[Peace-discuss] Colbert at White House Correspondents' dinner

C. G. Estabrook galliher at uiuc.edu
Mon May 1 05:11:21 CDT 2006


[Somone on the blog Daily Kos has taken the existing transcripts of 
Stephen Colbert's monologue at the White House Correspondents Dinner 
and the actual footage (complete video available at Democratic 
Underground) and edited the transcripts (correcting spelling and 
punctuation, adding mistakenly omitted words, etc.) to produce the 
following <dailykos.com/storyonly/2006/4/30/1441/59811>. --CGE]


STEPHEN COLBERT:  Thank you, ladies and gentlemen. Before I begin, I've 
been asked to make an announcement. Whoever parked 14 black bulletproof 
S.U.V.'s out front, could you please move them? They are blocking in 14 
other black bulletproof S.U.V.'s and they need to get out.

Wow. Wow, what an honor. The White House correspondents' dinner. To 
actually sit here, at the same table with my hero, George W. Bush, to be 
this close to the man. I feel like I'm dreaming. Somebody pinch me. You 
know what? I'm a pretty sound sleeper -- that may not be enough. 
Somebody shoot me in the face. Is he really not here tonight? Dammit. 
The one guy who could have helped.

By the way, before I get started, if anybody needs anything else at 
their tables, just speak slowly and clearly into your table numbers. 
Somebody from the NSA will be right over with a cocktail. Mark Smith, 
ladies and gentlemen of the press corps, Madame First Lady, Mr. 
President, my name is Stephen Colbert and tonight it's my privilege to 
celebrate this president. We're not so different, he and I. We get it. 
We're not brainiacs on the nerd patrol. We're not members of the 
factinista. We go straight from the gut, right sir? That's where the 
truth lies, right down here in the gut. Do you know you have more nerve 
endings in your gut than you have in your head? You can look it up. I 
know some of you are going to say I did look it up, and that's not true. 
That's cause you looked it up in a book.

Next time, look it up in your gut. I did. My gut tells me that's how our 
nervous system works. Every night on my show, the Colbert Report, I 
speak straight from the gut, OK? I give people the truth, unfiltered by 
rational argument. I call it the "No Fact Zone." Fox News, I hold a 
copyright on that term.

I'm a simple man with a simple mind. I hold a simple set of beliefs that 
I live by. Number one, I believe in America. I believe it exists. My gut 
tells me I live there. I feel that it extends from the Atlantic to the 
Pacific, and I strongly believe it has 50 states. And I cannot wait to 
see how the Washington Post spins that one tomorrow. I believe in 
democracy. I believe democracy is our greatest export. At least until 
China figures out a way to stamp it out of plastic for three cents a unit.

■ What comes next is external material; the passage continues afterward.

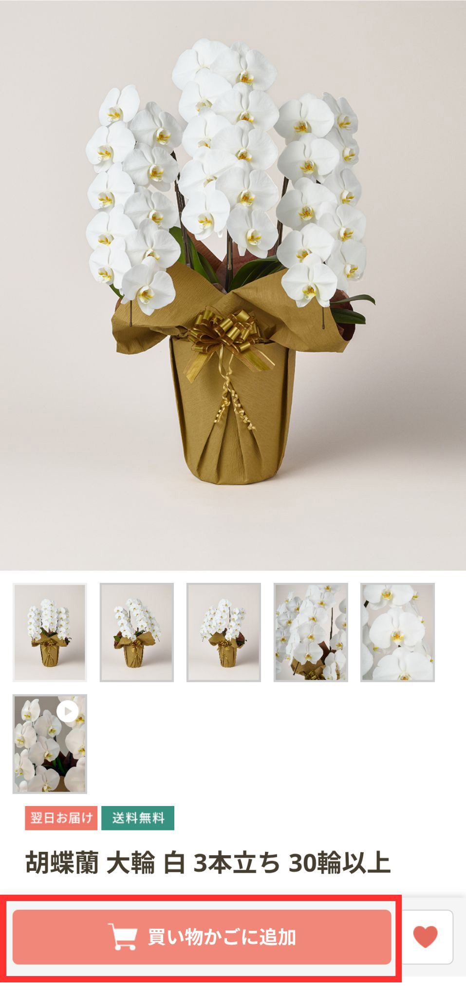 購入したい胡蝶蘭のページから「買い物かごに追加」をクリックする。

In fact, Ambassador Zhou Wenzhong, welcome. Your great country makes our 
Happy Meals possible. I said it's a celebration. I believe the 
government that governs best is the government that governs least. And 
by these standards, we have set up a fabulous government in Iraq.

I believe in pulling yourself up by your own bootstraps. I believe it is 
possible -- I saw this guy do it once in Cirque du Soleil. It was 
magical. And though I am a committed Christian, I believe that everyone 
has the right to their own religion, be you Hindu, Jewish or Muslim. I 
believe there are infinite paths to accepting Jesus Christ as your 
personal savior.

Ladies and gentlemen, I believe it's yogurt. But I refuse to believe 
it's not butter. Most of all, I believe in this president.

Now, I know there are some polls out there saying this man has a 32% 
approval rating. But guys like us, we don't pay attention to the polls. 
We know that polls are just a collection of statistics that reflect what 
people are thinking in "reality." And reality has a well-known liberal bias.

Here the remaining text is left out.